I have a dilemma with Pearl Jam’s “Elderly Woman…blahblahlongtitleshowingliterarymerit.” I think it’s a very nice song. Unfortunately it was playing at a particularly heartbreaking moment in my life. A night that I thought was going to be the most important, romantic, fulfilling evening (you know, when you’re eighteen, you imagine that those evenings just happen all the time), but ended up just being one of the worst nights of my teen years.

So, as Eddie warbles about hearts and thoughts fading, I have a very vivid image of myself standing in the hallway of my dorm with tears streaming down my face, as my new dorm friends gave me quiet pitying looks because everyone in that hall knew that I had just been dumped by a boy who wasn’t even aware that he was dumping me.

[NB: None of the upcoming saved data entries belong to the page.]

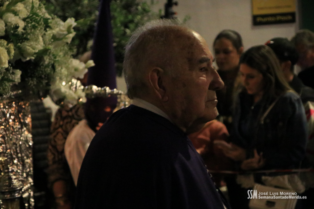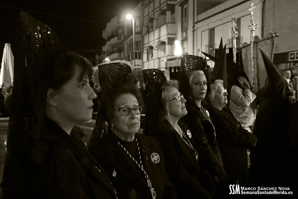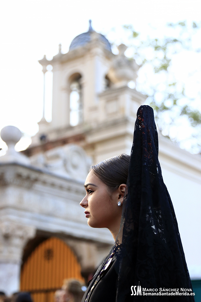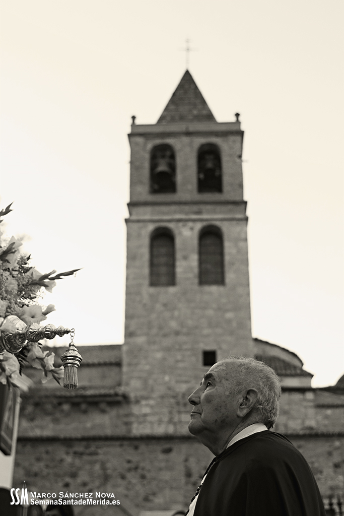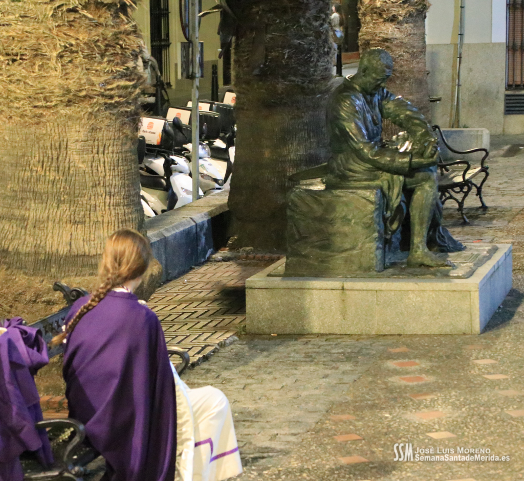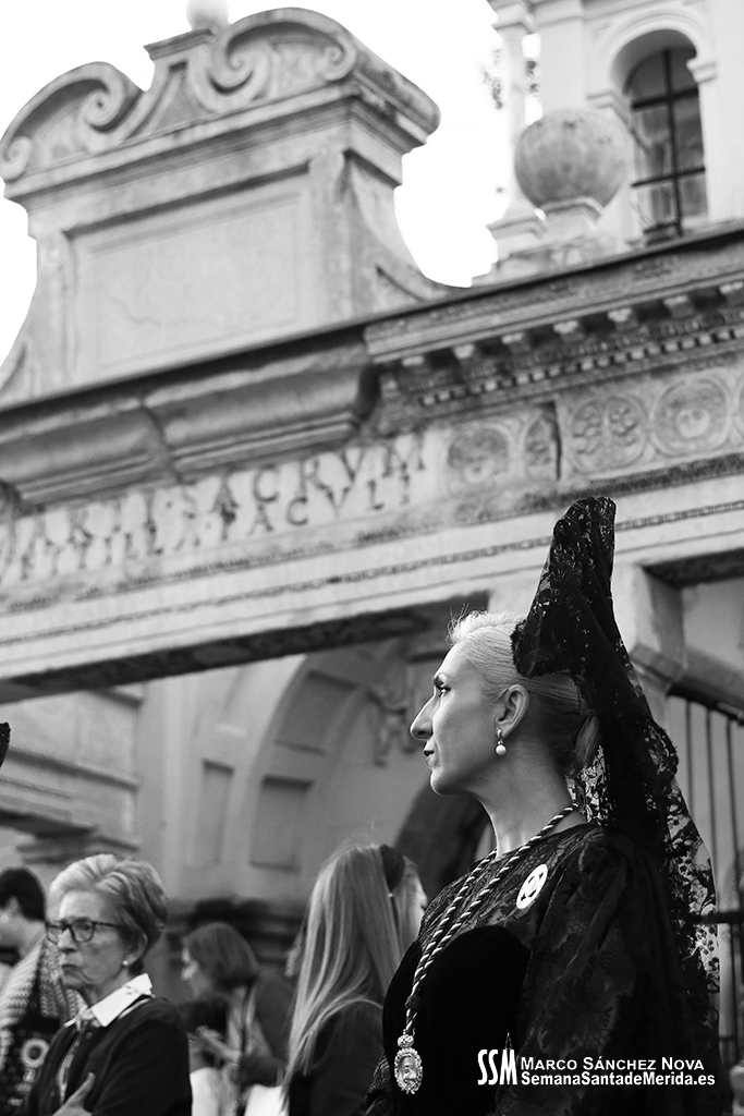Pellizco cuando reparas en esa mayordomía extraordinaria de la Virgen del Mayor Dolor… No sé si serán 80. Tampoco lo he preguntado  pero, qué  ejemplo de vida ver que sigue ahí! Prudente. Ahora las más de las veces junto  a la esquina delantera o en la lateral del paso.  Pendiente siempre de lo que pasa. Dónde debe estar, pero también en unos metros más alante…entre las  señoras de mantilla, peineta y rosario. Pareja indispensable, ineludible en la Semana Santa emeritense. Ojalá ese pellizco que yo siento fuera generalizado. Vete a buscarla! Majestuoso ejemplo!!!  No sé si la Semana Santa emeritense algún día os rendirá el homenaje que os merecéis, pero… Vaya pellizco de amor, de respeto, de convivencia, de … Madre! Quiero ser como ellos!
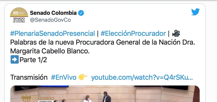 Recalcó luego de conocer la votación que "este apoyo que ustedes hoy me dan lo entiendo como un reconocimiento a una vida profesional pulcra y responsable al servicio de la justicia. Lo entiendo también como una exaltación a las mujeres de Colombia que hemos logrado ascender peldaño a peldaño para conquistar espacios de la vida pública y privada que hasta hace algunos años eran una aspiración lejana y hoy son una conquista y una esperanza para millones de mujeres que luchan a diario por alcanzar posiciones que sus madres y sus abuelas nunca imaginaron".
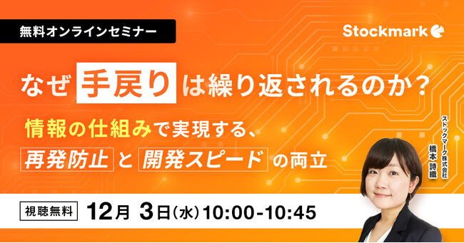 Mapion > ニュース > リリース > 【12月3日(水) 無料セミナー】『技術者の時間を奪う“手戻り”を断つ 情報の仕組みで実現する、再発防止と開発スピードの両立』(ストックマーク主催)
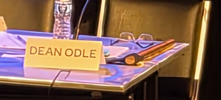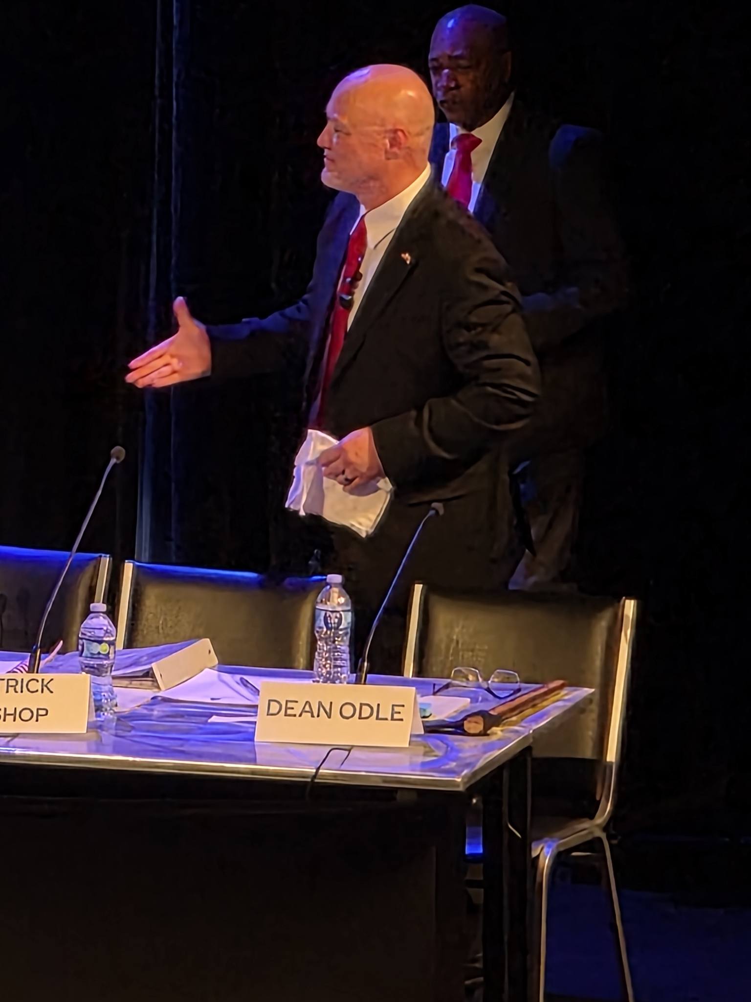 I sat toward the back as the room was already filling. At one point, I considered bringing a mug with a CIA logo and sitting in the front row near Odle—glad I didn’t, since he had a weapon on stage. I alerted someone to it, and shortly after, the debate moderator had Odle remove the weapon, which was handed to his family (as if that made it any safer).
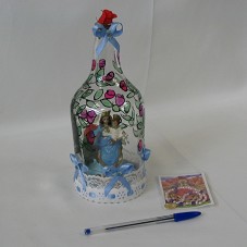 IMAGEM DE NOSSA SENHORA DE MONTE SERRAT SEGURANDO UMA CRIANÇA, ACONDICIONADA DENTRO DE UMA GARRAFA, QUE RECEBE PINTURA COM MOTIVOS FLORAIS E TEM BASE REVESTIDA DE RENDA BRANCA COM DETALHES EM FITA DE CETIM AZUL. ACOMPANHA SANTINHO DE PAPEL, COM ORAÇÃO À MONT SERRAT; E CORDÃO DE MIÇANGAS ROSAS COM MEDALHINHA DOURADA.
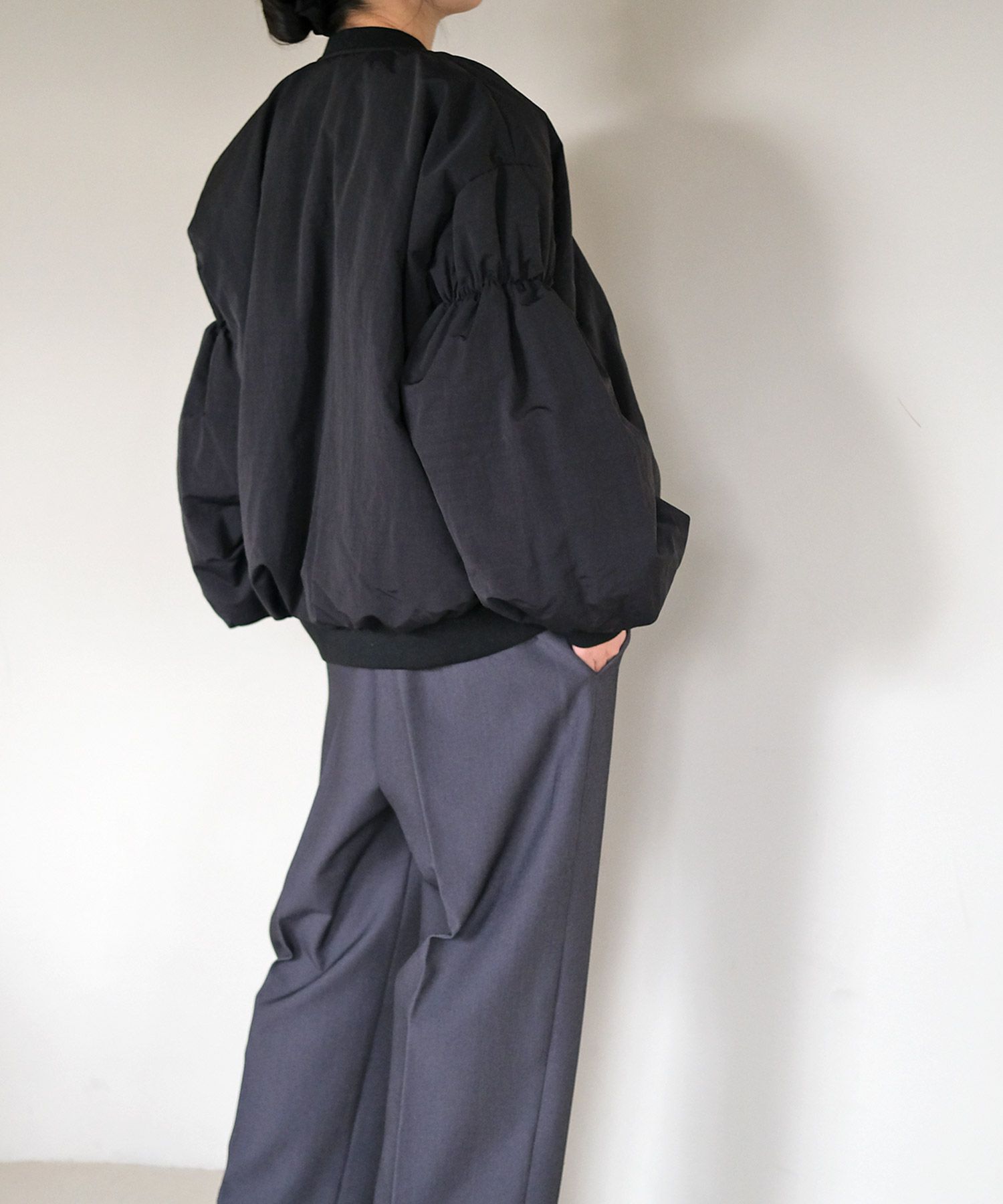 たっぷりのギャザーとボリュームシルエットが、抜け感と華やかさを兼ね備えた大人なナイロンブルゾン。
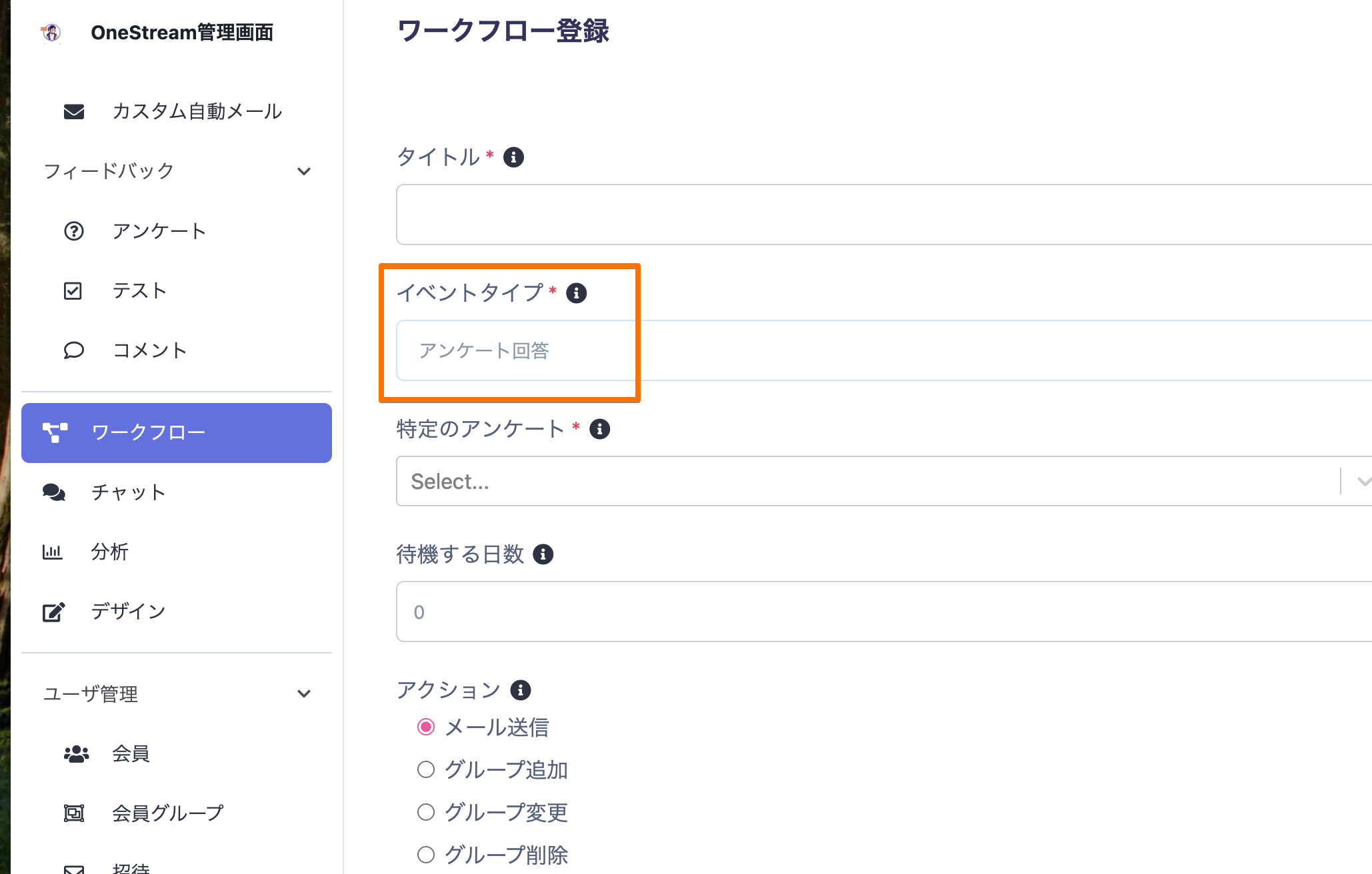 例:2025/08/15 AM11:00に決済され、待機日数3日のワークフローが動作した場合、そのワークフローのアクションが実行されるのは3日後の 2025/08/18 AM11:00 となります。
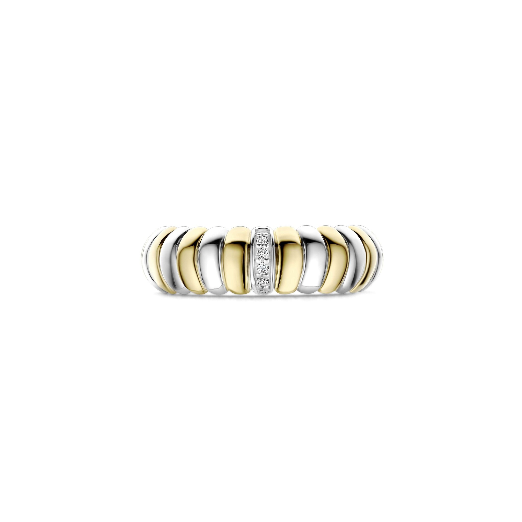 TI SENTO MILANO 12383ZY Zilver gerhodineerde ring, bicolor, croissant, met zirconia's
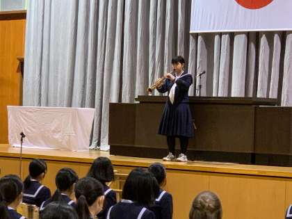 県中学校文化連盟に表彰された吹奏楽部の2名は、表彰後に実際の演奏も披露しました。
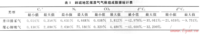 通過對(duì)韓城地區(qū)煤層氣演化過程分析,該區(qū)煤層熱演化程度較高,煤層氣主要以熱成因氣為主,盡管在后期改造作用中研究區(qū)的東部煤層出露于地表,可能遭受大氣降水等因素的影響,但煤層氣碳同位素值(通常把δ13C1<-55‰認(rèn)為是生物成因氣)的特征表明并沒有生物氣的混入。
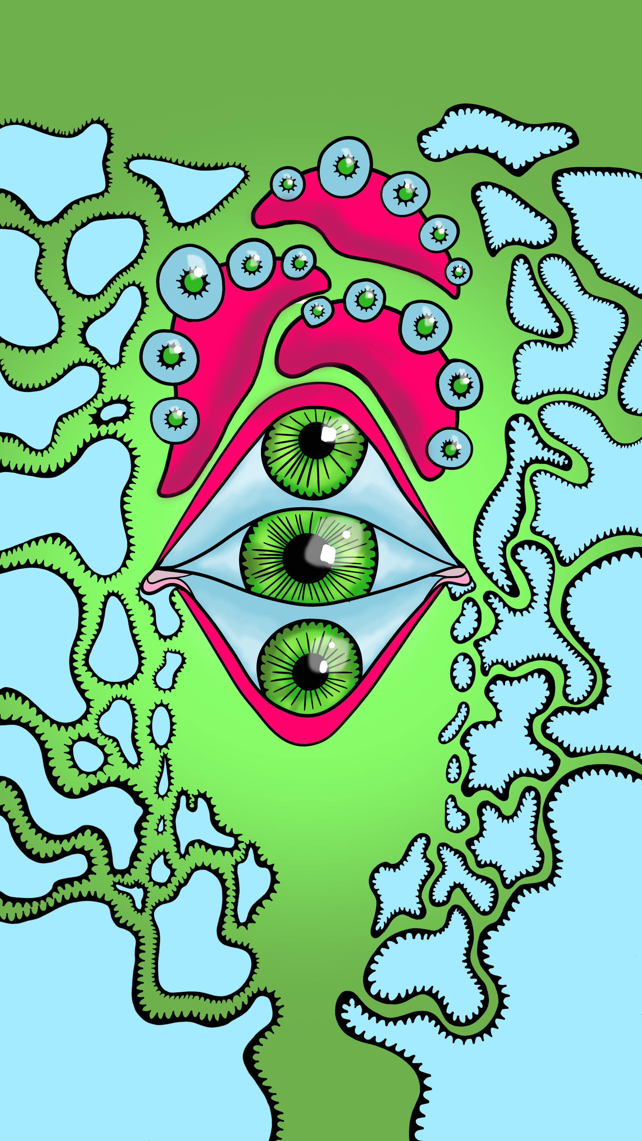 Mesmerising hybrid of pufferfish, jellyfish, and human. Its turquoise scales rise into, defensive spikes when threatened. Long, ribbon-like tentacles trail behind it, drifting gracefully in the current, each movement simultaneously hypnotic and menacing. On land, it walks upright with a strange, fluid elegance. The centerpiece of its form is a large, flower-shaped mouth—a blossoming suction ring detailed with thin, petal-like teeth. This creature embodies the extremes of adaptation in the deep, where survival can sculpt life into astonishingly alien shapes.

I know this now, because seven years later I finally brought it up to said boy of that night. I told him how much he sucked for ruining a pretty good Pearl Jam song for me, since they are so few and far between these days. He had no idea what I was talking about.

“The night I wanted to give my virginity to you.”

No clue. He had no clue. He had no clue that I was preparing our special evening where I was gonna give it up.

Because he was just clueless, really. At the time. And I’m just silly. I took him out and we had dinner and we went to a romantic spot and I suggested going back to my dorm…

Listen. The words, “We should head back to my dorm before curfew” just aren’t sexy. They just aren’t. At the time, I thought I was saying some of the sexiest words in the world. All he could think was, “I’m going to have to pee in a sink all night. Lovely.”

So, we got back to the dorm, he put on the Pearl Jam, and my phone rang. It was another friend of his. A boy. Who was older. With his own apartment. He suggested we go there and hang out since we were allowed to talk and go to the restroom at our will.

I was devastated. I thought he didn’t want to be with me. He just looked at what I had offered, and he just turned it down.

“Why didn’t you tell me?” he screeched the other month when we were talking about it.

“You should have known, man.”

“I didn’t.”

“Yeah, well, you’re stupid.”

“Yes, I am. Oh, my God. I just thought you wanted to get to sleep early because you had class the next day.”

“Unbelievable.”

“I’m sorry.”

“You should be. You missed out, buddy.”

“I know.”

And even when I finally brought it up, seven years later, I was nervous talking about it. Like I was cutting open that scar on my heart where I thought I wasn’t special. Where I thought I wasn’t good enough.

Oh, man, am I glad I’m not eighteen again. When everything is so heightened and the world is so small and it is very much possible to think that you might not ever be able to breathe again if you can’t get out of your room for one night.